→ What to produce
If a line holds an image, leave the image out; write out everything else in the records exactly.

→ Available data

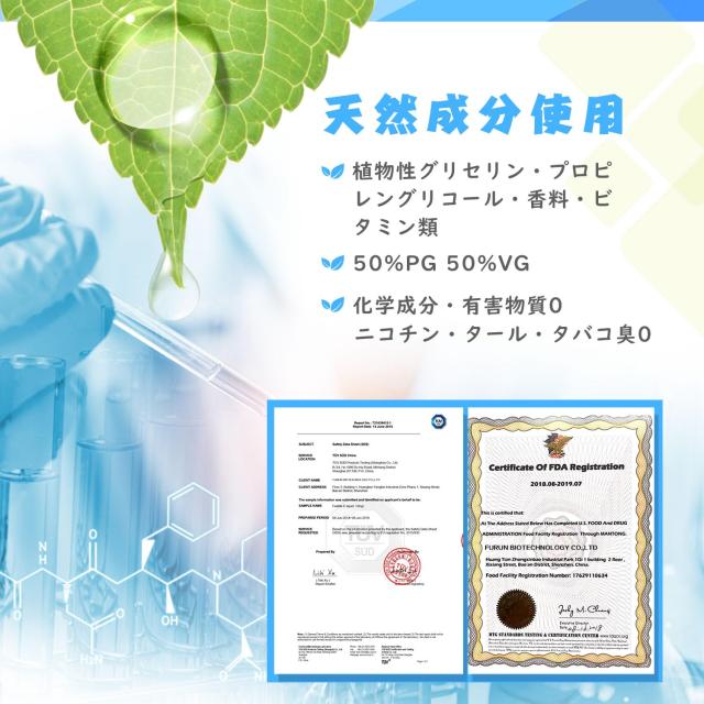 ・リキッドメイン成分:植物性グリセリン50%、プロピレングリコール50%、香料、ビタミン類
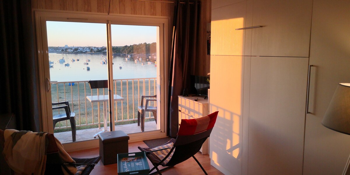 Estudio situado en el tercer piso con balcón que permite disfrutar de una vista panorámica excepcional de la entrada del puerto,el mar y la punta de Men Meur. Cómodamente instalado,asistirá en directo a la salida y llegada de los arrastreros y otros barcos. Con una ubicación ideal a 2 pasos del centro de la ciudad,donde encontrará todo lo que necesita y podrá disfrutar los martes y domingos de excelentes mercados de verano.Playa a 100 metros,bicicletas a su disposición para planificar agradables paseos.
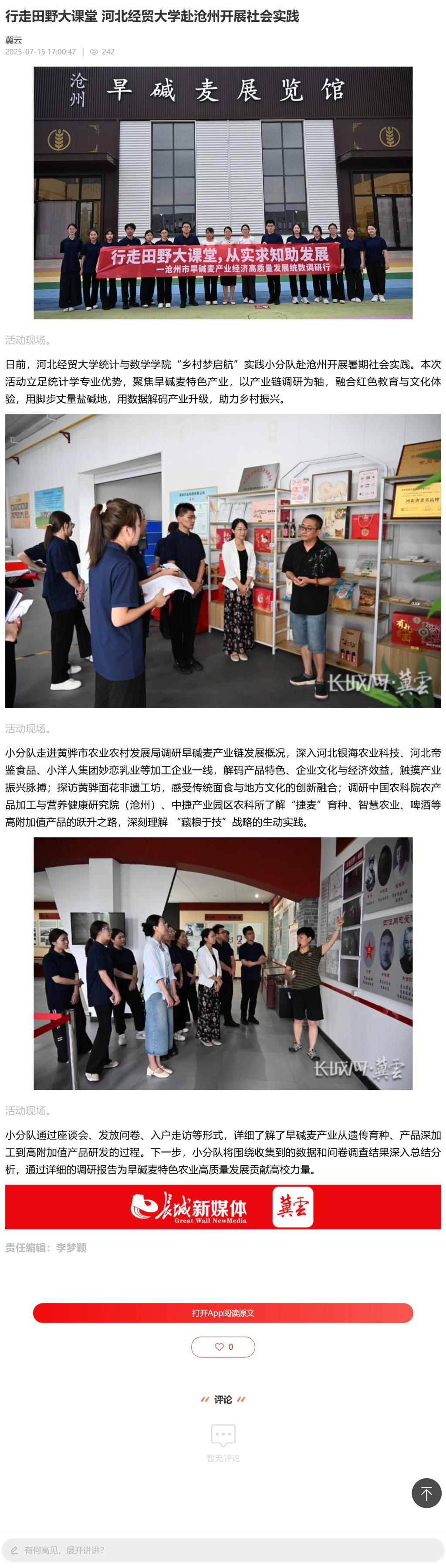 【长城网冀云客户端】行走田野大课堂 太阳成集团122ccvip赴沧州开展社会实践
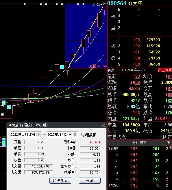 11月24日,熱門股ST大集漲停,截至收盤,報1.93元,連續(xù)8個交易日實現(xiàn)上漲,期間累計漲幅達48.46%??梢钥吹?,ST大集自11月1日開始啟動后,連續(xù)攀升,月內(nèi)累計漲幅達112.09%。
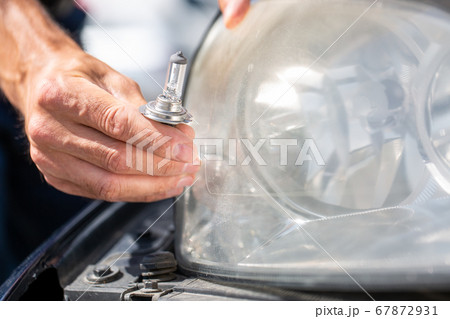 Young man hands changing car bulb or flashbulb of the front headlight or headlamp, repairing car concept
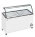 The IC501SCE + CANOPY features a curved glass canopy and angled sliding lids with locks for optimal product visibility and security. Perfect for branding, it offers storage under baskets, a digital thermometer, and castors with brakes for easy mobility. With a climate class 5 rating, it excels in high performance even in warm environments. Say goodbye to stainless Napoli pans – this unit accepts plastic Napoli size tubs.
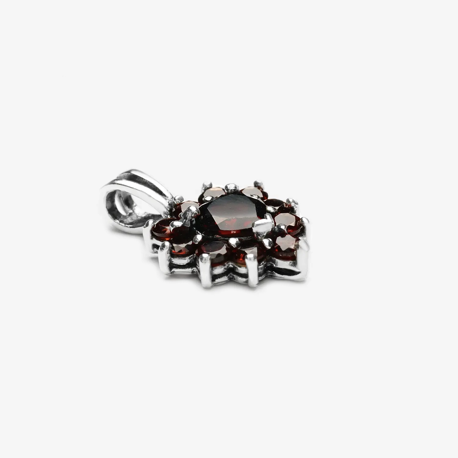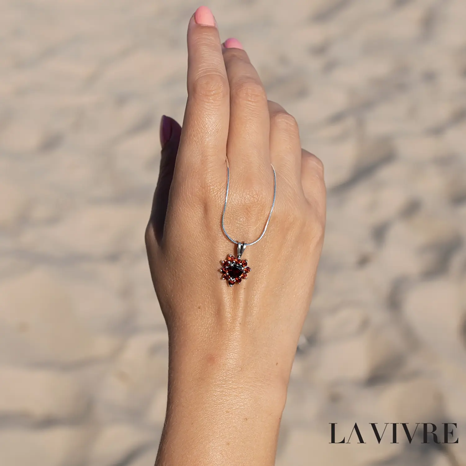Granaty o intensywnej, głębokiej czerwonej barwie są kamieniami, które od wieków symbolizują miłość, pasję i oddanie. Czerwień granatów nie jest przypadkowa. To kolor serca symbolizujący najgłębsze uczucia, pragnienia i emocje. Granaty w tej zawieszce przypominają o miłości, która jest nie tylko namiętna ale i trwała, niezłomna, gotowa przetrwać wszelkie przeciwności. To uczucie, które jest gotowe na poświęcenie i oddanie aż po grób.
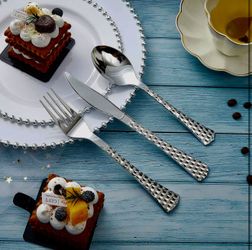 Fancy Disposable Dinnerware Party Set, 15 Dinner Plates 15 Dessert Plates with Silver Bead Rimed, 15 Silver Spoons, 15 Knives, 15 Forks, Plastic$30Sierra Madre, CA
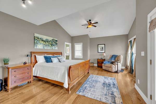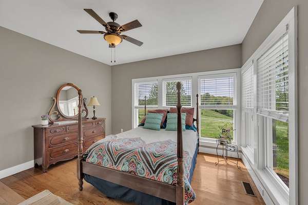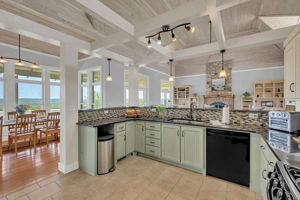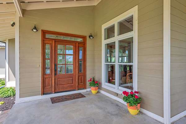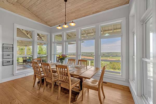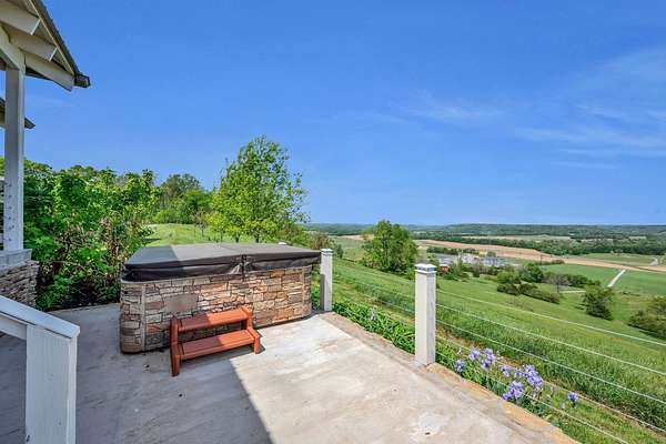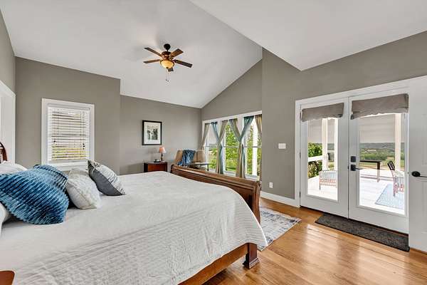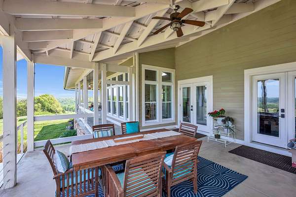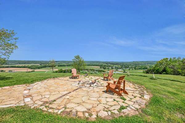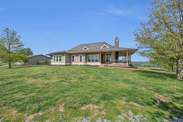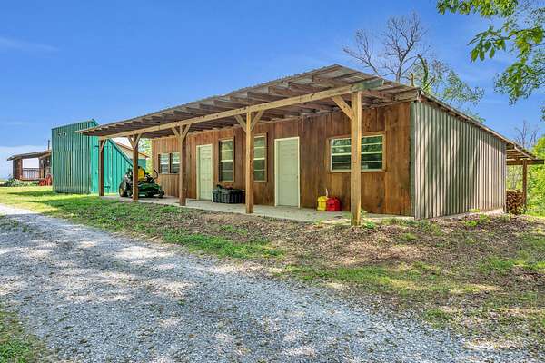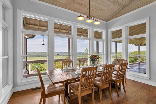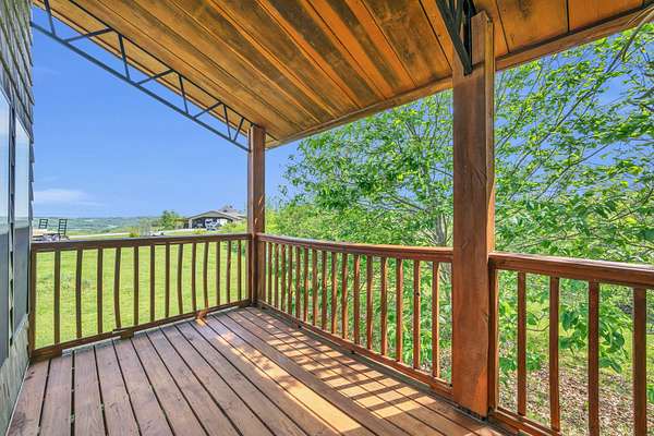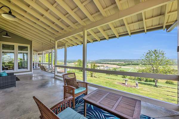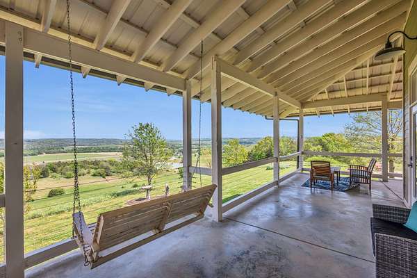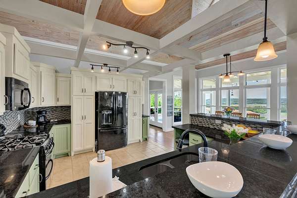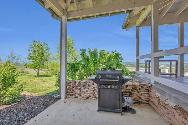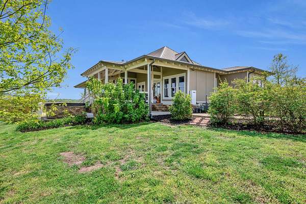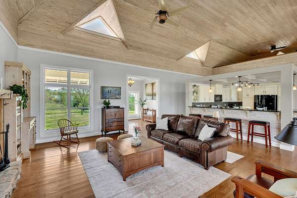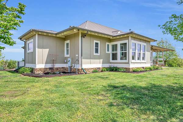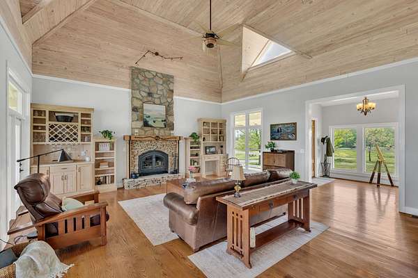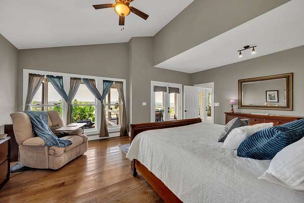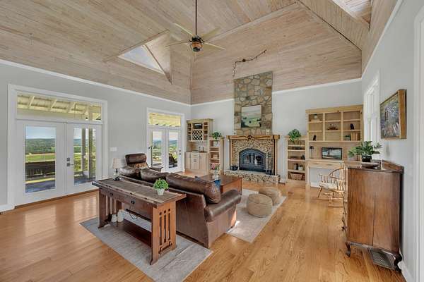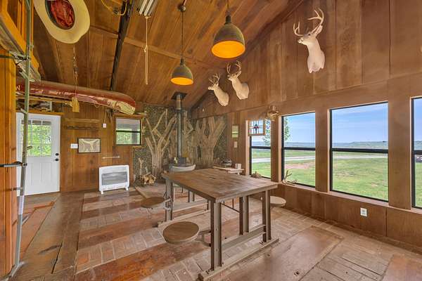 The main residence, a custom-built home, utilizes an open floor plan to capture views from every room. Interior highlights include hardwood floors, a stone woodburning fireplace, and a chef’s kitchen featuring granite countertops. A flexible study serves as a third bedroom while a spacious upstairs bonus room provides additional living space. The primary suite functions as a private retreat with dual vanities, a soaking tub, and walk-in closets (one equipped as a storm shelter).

→ Answer space
 ・リキッドメイン成分:植物性グリセリン50%、プロピレングリコール50%、香料、ビタミン類
 Estudio situado en el tercer piso con balcón que permite disfrutar de una vista panorámica excepcional de la entrada del puerto,el mar y la punta de Men Meur. Cómodamente instalado,asistirá en directo a la salida y llegada de los arrastreros y otros barcos. Con una ubicación ideal a 2 pasos del centro de la ciudad,donde encontrará todo lo que necesita y podrá disfrutar los martes y domingos de excelentes mercados de verano.Playa a 100 metros,bicicletas a su disposición para planificar agradables paseos.
 【长城网冀云客户端】行走田野大课堂 太阳成集团122ccvip赴沧州开展社会实践
 11月24日,熱門股ST大集漲停,截至收盤,報1.93元,連續(xù)8個交易日實現(xiàn)上漲,期間累計漲幅達48.46%??梢钥吹?,ST大集自11月1日開始啟動后,連續(xù)攀升,月內(nèi)累計漲幅達112.09%。
 Young man hands changing car bulb or flashbulb of the front headlight or headlamp, repairing car concept
 The IC501SCE + CANOPY features a curved glass canopy and angled sliding lids with locks for optimal product visibility and security. Perfect for branding, it offers storage under baskets, a digital thermometer, and castors with brakes for easy mobility. With a climate class 5 rating, it excels in high performance even in warm environments. Say goodbye to stainless Napoli pans – this unit accepts plastic Napoli size tubs.
Granaty o intensywnej, głębokiej czerwonej barwie są kamieniami, które od wieków symbolizują miłość, pasję i oddanie. Czerwień granatów nie jest przypadkowa. To kolor serca symbolizujący najgłębsze uczucia, pragnienia i emocje. Granaty w tej zawieszce przypominają o miłości, która jest nie tylko namiętna ale i trwała, niezłomna, gotowa przetrwać wszelkie przeciwności. To uczucie, które jest gotowe na poświęcenie i oddanie aż po grób.
 Fancy Disposable Dinnerware Party Set, 15 Dinner Plates 15 Dessert Plates with Silver Bead Rimed, 15 Silver Spoons, 15 Knives, 15 Forks, Plastic$30Sierra Madre, CA
 The main residence, a custom-built home, utilizes an open floor plan to capture views from every room. Interior highlights include hardwood floors, a stone woodburning fireplace, and a chef’s kitchen featuring granite countertops. A flexible study serves as a third bedroom while a spacious upstairs bonus room provides additional living space. The primary suite functions as a private retreat with dual vanities, a soaking tub, and walk-in closets (one equipped as a storm shelter).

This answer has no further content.